Task directions:
Images excluded, reproduce each line of the records exactly as it stands.

Supplied data:
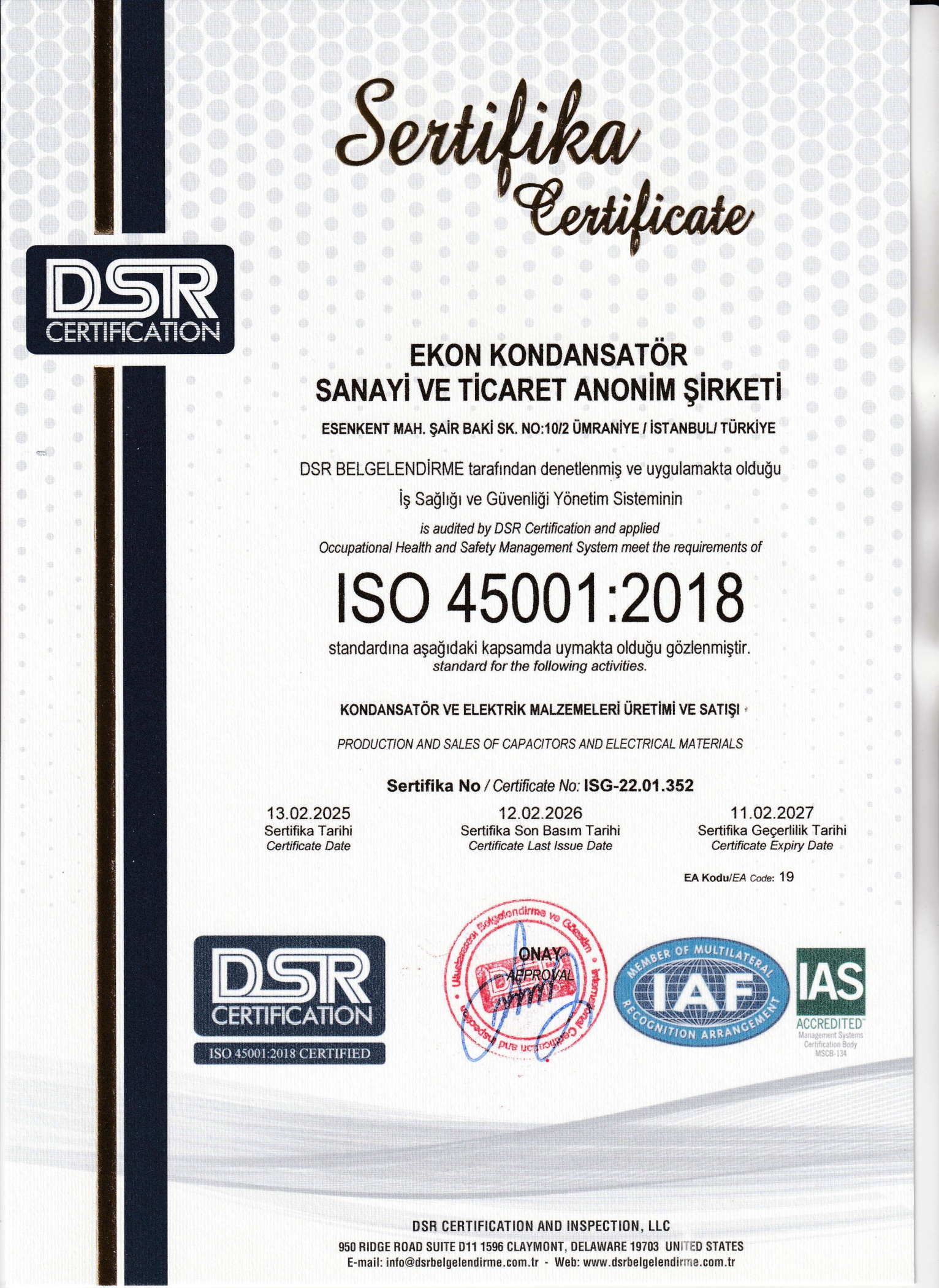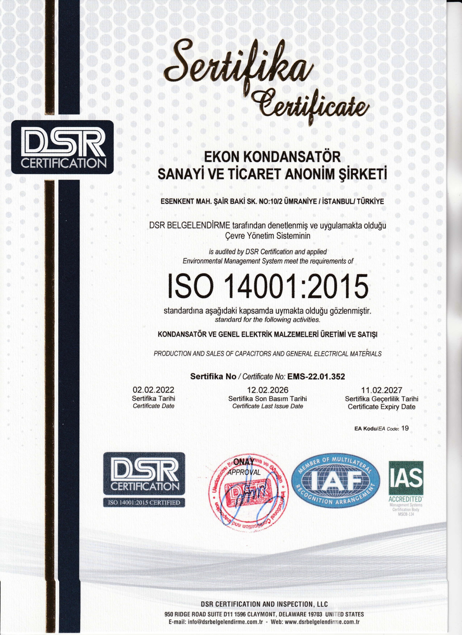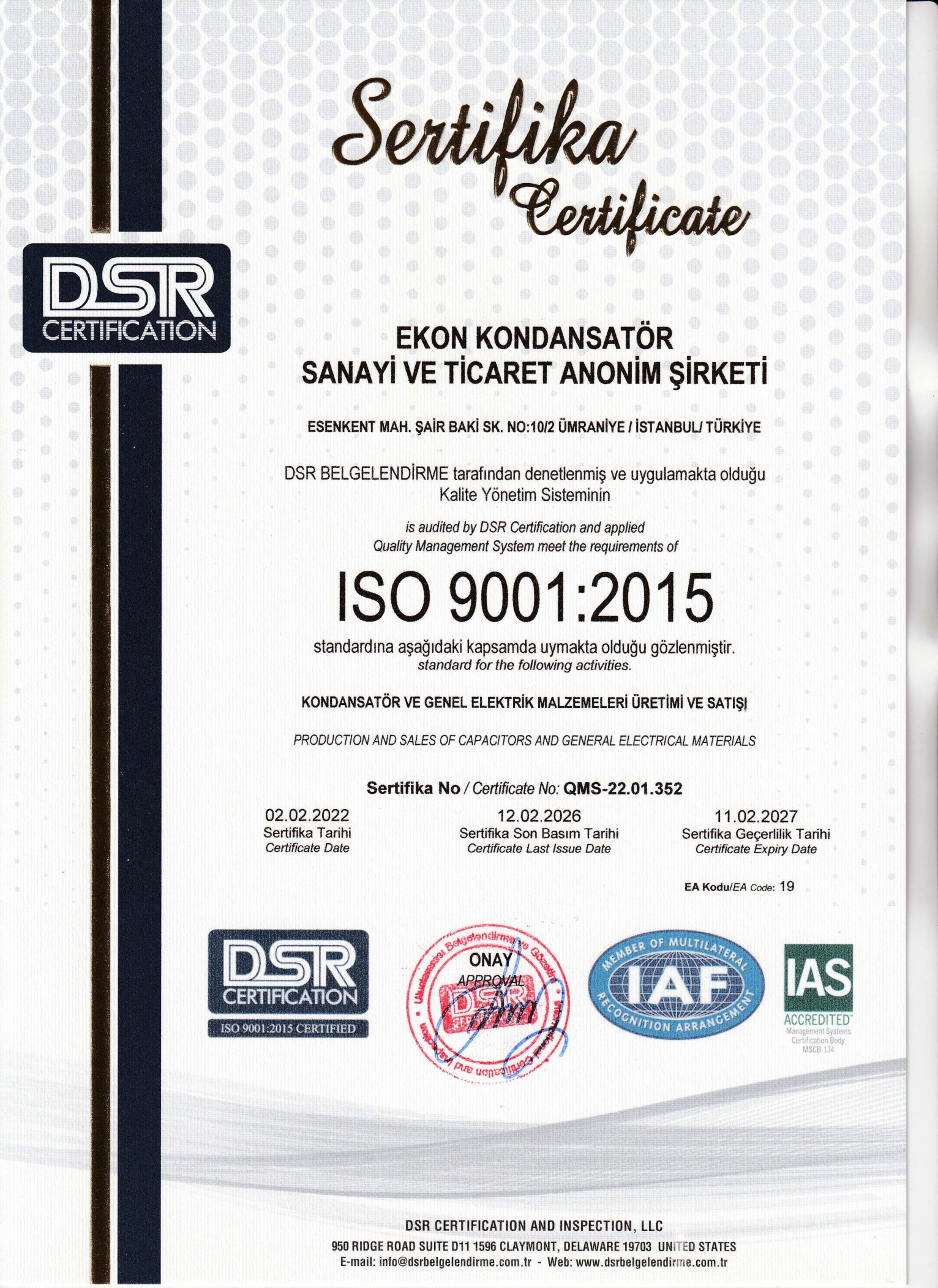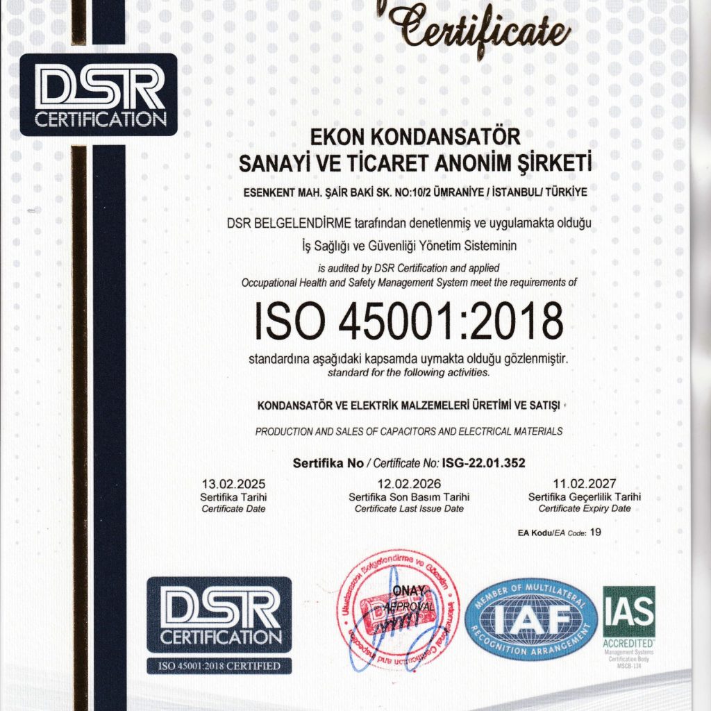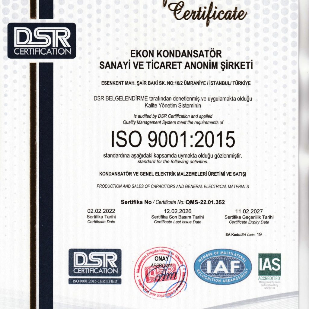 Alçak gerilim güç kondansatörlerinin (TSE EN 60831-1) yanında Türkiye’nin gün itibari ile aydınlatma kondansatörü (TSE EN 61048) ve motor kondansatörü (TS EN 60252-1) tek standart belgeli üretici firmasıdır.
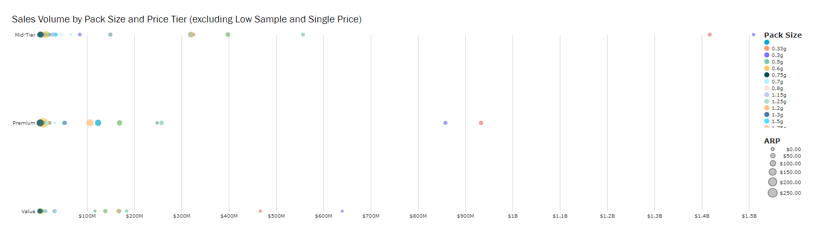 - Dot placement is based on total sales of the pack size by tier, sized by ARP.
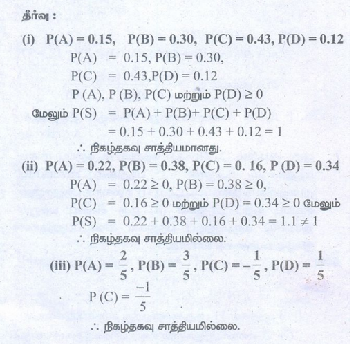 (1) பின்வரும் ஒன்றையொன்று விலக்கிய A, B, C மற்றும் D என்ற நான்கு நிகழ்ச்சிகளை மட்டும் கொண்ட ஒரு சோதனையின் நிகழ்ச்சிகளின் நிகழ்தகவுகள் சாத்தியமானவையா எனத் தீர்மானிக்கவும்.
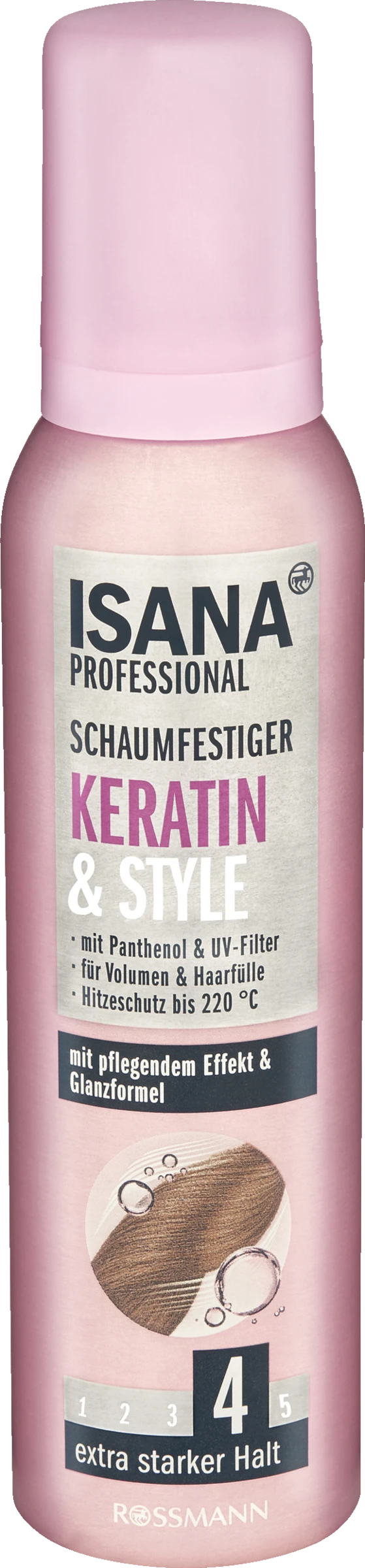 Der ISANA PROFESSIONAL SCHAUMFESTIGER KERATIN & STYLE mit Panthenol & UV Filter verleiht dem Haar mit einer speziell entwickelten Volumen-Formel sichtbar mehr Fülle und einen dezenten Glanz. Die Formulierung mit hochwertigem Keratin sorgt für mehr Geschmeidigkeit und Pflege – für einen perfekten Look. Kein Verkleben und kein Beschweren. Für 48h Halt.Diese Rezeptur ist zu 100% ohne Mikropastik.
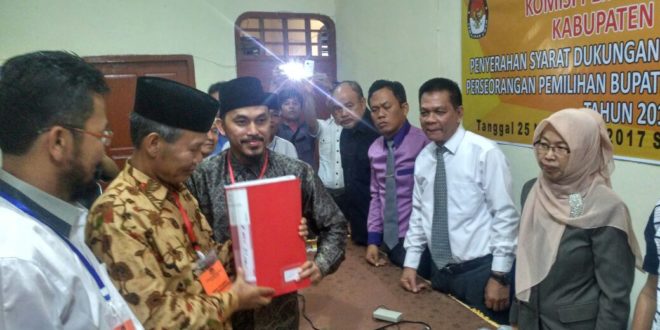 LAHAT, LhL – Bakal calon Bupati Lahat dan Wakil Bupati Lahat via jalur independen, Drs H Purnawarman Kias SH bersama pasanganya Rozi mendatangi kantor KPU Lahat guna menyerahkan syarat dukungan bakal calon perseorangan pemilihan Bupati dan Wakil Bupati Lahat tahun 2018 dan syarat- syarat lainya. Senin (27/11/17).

Response below:
 Alçak gerilim güç kondansatörlerinin (TSE EN 60831-1) yanında Türkiye’nin gün itibari ile aydınlatma kondansatörü (TSE EN 61048) ve motor kondansatörü (TS EN 60252-1) tek standart belgeli üretici firmasıdır.
 - Dot placement is based on total sales of the pack size by tier, sized by ARP.
 (1) பின்வரும் ஒன்றையொன்று விலக்கிய A, B, C மற்றும் D என்ற நான்கு நிகழ்ச்சிகளை மட்டும் கொண்ட ஒரு சோதனையின் நிகழ்ச்சிகளின் நிகழ்தகவுகள் சாத்தியமானவையா எனத் தீர்மானிக்கவும்.
 Der ISANA PROFESSIONAL SCHAUMFESTIGER KERATIN & STYLE mit Panthenol & UV Filter verleiht dem Haar mit einer speziell entwickelten Volumen-Formel sichtbar mehr Fülle und einen dezenten Glanz. Die Formulierung mit hochwertigem Keratin sorgt für mehr Geschmeidigkeit und Pflege – für einen perfekten Look. Kein Verkleben und kein Beschweren. Für 48h Halt.Diese Rezeptur ist zu 100% ohne Mikropastik.
 LAHAT, LhL – Bakal calon Bupati Lahat dan Wakil Bupati Lahat via jalur independen, Drs H Purnawarman Kias SH bersama pasanganya Rozi mendatangi kantor KPU Lahat guna menyerahkan syarat dukungan bakal calon perseorangan pemilihan Bupati dan Wakil Bupati Lahat tahun 2018 dan syarat- syarat lainya. Senin (27/11/17).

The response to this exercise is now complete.